OH Onstar is getting this for sure on Wednesday. The car is safely parked in my 2nd garage and I will NOT drive it until the tire is fix and then I will go down to the tire store and see if these POS tires can be replace by Michelin Fuel saving tires. I personally have given up on these.


----------



## spacedout (Dec 7, 2010)

I would not buy any fuel saving tires, most are a trade off in some way. Looking at the goodyear fuel max your car is equipped with on tirerack.com, the weight of the tire is 2-3lb less than anything comparable in size. where is that weight gone? My guess is thinner side wall and overall tire with as many failures as I have seen on here.


----------



## Mikeske (Jun 19, 2012)

Yeah I know and I am going to get a good set of Michelins on it. My set on my Buick has 70,000 miles and I still have over half of the thread left and all I have done since I put them on the Buick is rotate the tires and add air when needed. The little bit lost in efficiency is more then offset by the fact the Goodyear tires are what I call gumballs.


----------



## DieselEnvy (Jun 22, 2013)

I'm interested someone else picked up on the "wimpiness" of the factory-issue tires. I posted about this in another thread just the other day:

http://www.cruzetalk.com/forum/64-chevy-cruze-diesel/42345-diesel-trunk-space-3.html

Almost can't wait to wear these tires out, and get a better set...


----------



## Robby (Mar 1, 2013)

Gotta tell ya, nothing but success so far and I hope I didn't jinx myself by saying so.
Just crossed 10k miles, one rotation and only 1/32nd measurable wear.....I forecast well over 50k with 3 to 4/32nds remaining....I do operate at 45/50 psi.

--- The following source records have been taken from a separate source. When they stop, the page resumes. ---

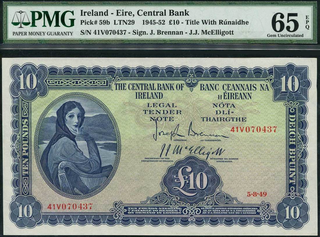 Central Bank of Ireland, £10, 5 August 1949, serial number 41V 070437, blue and green, portrait Lady Lavery at left, value in each corner and centre right, ornate border, reverse, River god
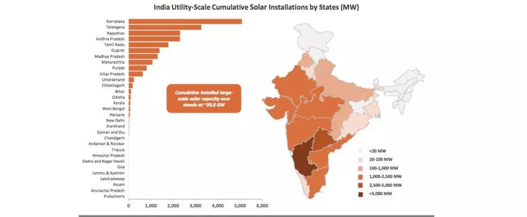 卡納塔克邦累計總裝機量率先超過5GW,Telangana,Rajasthan和Andhra Pradesh分別位列第二,第三和第四名。
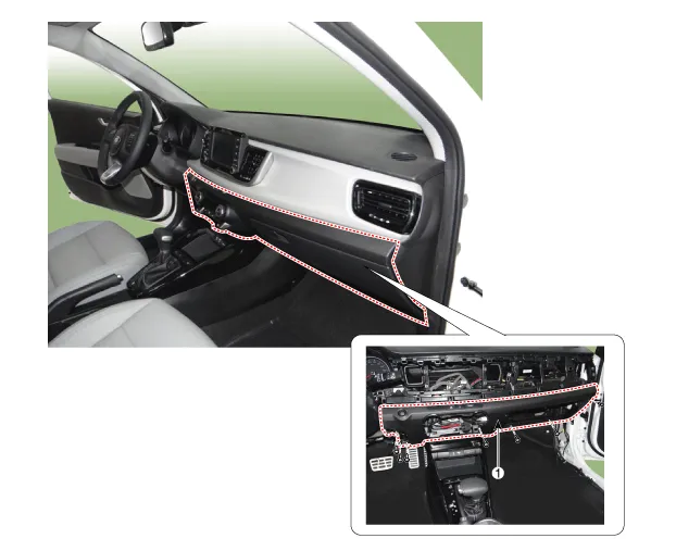 Desmonte el panel central del instrumento combinado. (Consulte "Panel de protección - Panel del tablero de instrumentos") |
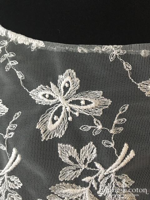 Boléro à manches longues à fermer dans le dos en tulle et broderies ivoire. Transforme une robe bustier sans la dénaturer ;o)
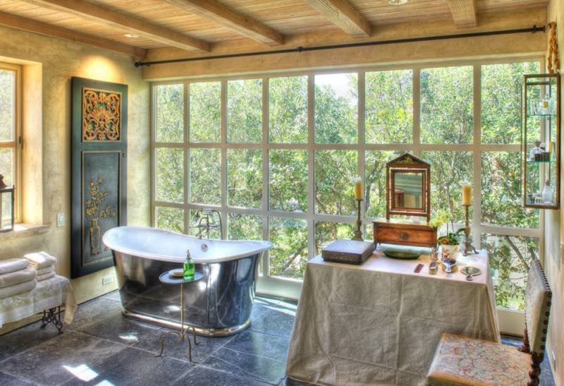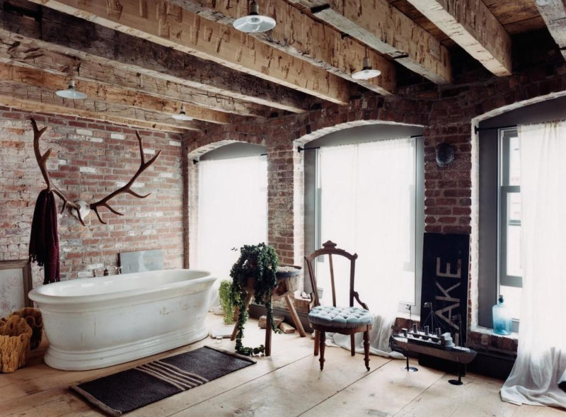 - Выбирайте отделочные материалы с эффектом потёртости: оставьте естественный цвет и структуру древесины, используйте плитку под дерево или натуральный камень для отделки.
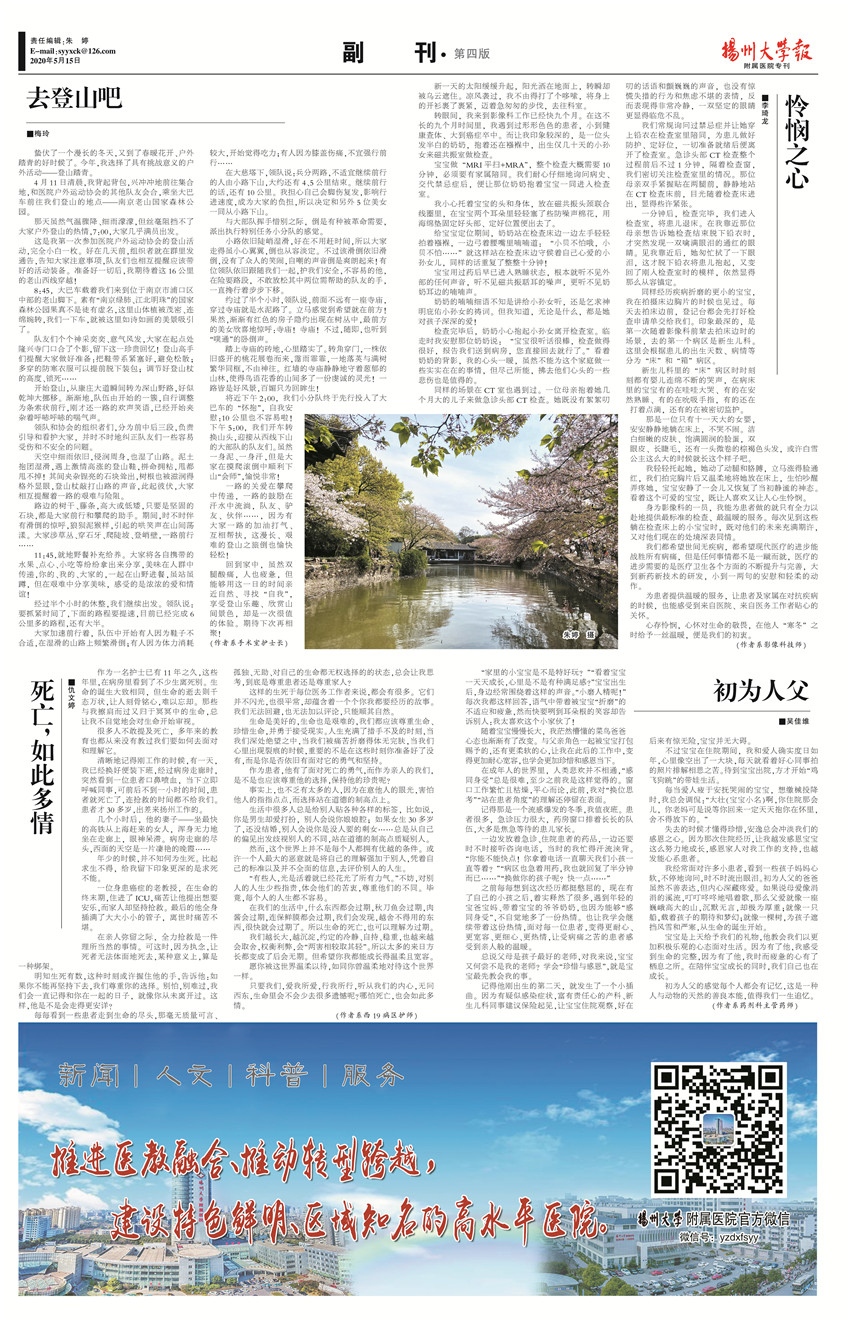 《扬州大学报•附属医院专刊》第29期(总第649期)(2020年5月15日第4版)

Seems like you guys are just having a bout of the unluckys. 

Rob


----------



## XtremeRevolution (Jan 19, 2012)

Robby said:


> Gotta tell ya, nothing but success so far and I hope I didn't jinx myself by saying so.
> Just crossed 10k miles, one rotation and only 1/32nd measurable wear.....I forecast well over 50k with 3 to 4/32nds remaining....I do operate at 45/50 psi.
> 
> Seems like you guys are just having a bout of the unluckys.
> ...


50k miles on these tires is perfectly doable. I've been running the same pressures as well and I am looking at the same tire life as well. That is, assuming they don't dry rot badly enough first.


----------



## obermd (Mar 3, 2012)

I ran my Goodyear FuelMax Assurance for 40,000 miles. I had one that had a slow leak and I simply got tired of checking it every weekend. I went to Pirelli Cinturato P7 LRR tires. My one week report on them is here: http://www.cruzetalk.com/forum/12-w...relli-cinturato-p7-all-season-plus-tires.html.


----------



## Chris2298 (Aug 1, 2012)

I got over 80K miles out of my first set without issue....


----------



## Garandman (Dec 31, 2013)

There are probably OEM tires that don't suck, but I haven't found them.

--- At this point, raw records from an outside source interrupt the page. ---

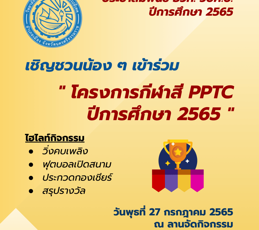 โครงการกีฬาสี PPTC ปีการศึกษา 2565 อ่านเพิ่มเติม ประชาสัมพันธ์กิจกรรมการแข่งขันกีฬาสี PPTC ปีการศึกษา 2565
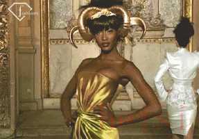 他給模特們穿上古希臘神話里的白裙,戴上金首飾,秀場上帶著麥昆一如既往的侵略性。
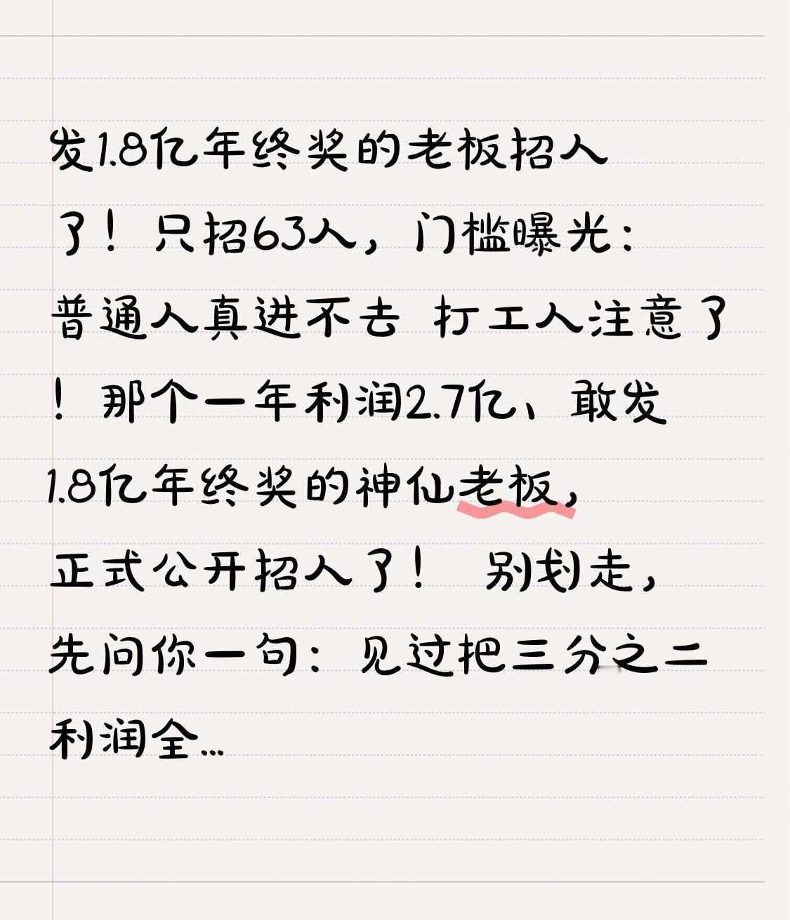 发1.8亿年终奖的老板招人了!只招63人,门槛曝光:普通人真进不去 打工人注意了!那个一年利润2.7亿、敢发1.8亿年终奖的神仙老板,正式公开招人了! 别划走,先问你一句:见过把三分之二利润全分给员工的老板吗?年会现场堆成山的现金,6000万直接现场发,员工数多少拿多少,还有宴席、演出、家属双倍红包,连续多年年终奖破亿。全网都在喊:这班我愿意上! 就在大家羡慕到破防时,重磅消息来了:河南矿山集团2026年扩招,只招63人。消息一出,几千人疯抢,简历挤爆邮箱,电话打到深夜。 但我必须泼一盆冷水:你以为有钱就能进?大错特错! 转折点来了:这家公司不是随便招人,而是严选精英。仿真分析岗要求211、985硕士起步,仅3个名额;工艺工程师、生产管理岗,必须5年以上大厂经验;核心技术岗,看重能力、忠诚、踏实。老板说得直白:报名太多,只能优中选优。 很多人吐槽:这么好的待遇,门槛还这么高? 真相扎心了:好福利从来不是天上掉馅饼。老板崔培军说,不是我爱发钱,是年轻人车贷房贷压力大,我能帮一点是一点。但他更明白:企业要长久,必须靠真本事的人。不搞佛系养人,只奖励奋斗者;不画大饼,用真金白银回报付出。 你看,人家员工流失率不到5%,核心岗留存超90%。不是靠运气,是靠老板舍得、员工拼命的双向奔赴。 这才是最该火的职场真相:靠谱的平台,从不亏待努力的人;大方的老板,只拥抱同频的战友。 别再抱怨工资低、老板抠、没机会。与其羡慕别人的1.8亿,不如问问自己:你的专业够硬吗?经验够足吗?态度够稳吗? 这个世界最公平的是:高福利永远匹配高价值。你能为公司创造多少,就能拿到多少回报。 2026年,别再躺平了。哪怕进不去这家神仙公司,也要把自己练成老板抢着要的人。 致所有打工人:愿你遇到大方的老板,干着有奔头的工作,拿着不委屈的收入,一年更比一年强!

I took the OEM's off to put on snows with 38 miles on them, and will sell them here or eBay in the Spring.


----------



## ParisTNDude (Oct 7, 2013)

It's absolutely amazing that some find a given product almost worthless and others give them praise. I wish those on both sides good luck on their second set of tires. I have had zero issues on my Cruze and hope it remains that way through 150 or 200k miles I intend to keep it.


----------



## Mikeske (Jun 19, 2012)

The issues I am having with the Goodyear tires is due to the fact I live in the sticks and I hate changing/removing a flat tire in my garage. Yeah I have all the tools, air compressor, floor jacks, torque wrench, jack stands and the impact sockets for both metric and SAE. I have my hobbies and job and this takes me away from doing to remove the tire drive 20 miles to have a repair made and then come back and sticking it back on. 

It is not unreasonable to expect the original tires to at least last 30,000 miles not 8,300 miles and having 2 issues with these junk tires. I got quotes Monday and it likely will be either Michelins or Pirilli tires. Goodyear is not in the equation.


----------



## Garandman (Dec 31, 2013)

Mikeske said:


> The issues I am having with the Goodyear tires is due to the fact I live in the sticks and I hate changing/removing a flat tire in my garage. Yeah I have all the tools, air compressor, floor jacks, torque wrench, jack stands and the impact sockets for both metric and SAE. I have my hobbies and job and this takes me away from doing to remove the tire drive 20 miles to have a repair made and then come back and sticking it back on.
> 
> It is not unreasonable to expect the original tires to at least last 30,000 miles not 8,300 miles and having 2 issues with these junk tires. I got quotes Monday and it likely will be either Michelins or Pirilli tires. Goodyear is not in the equation.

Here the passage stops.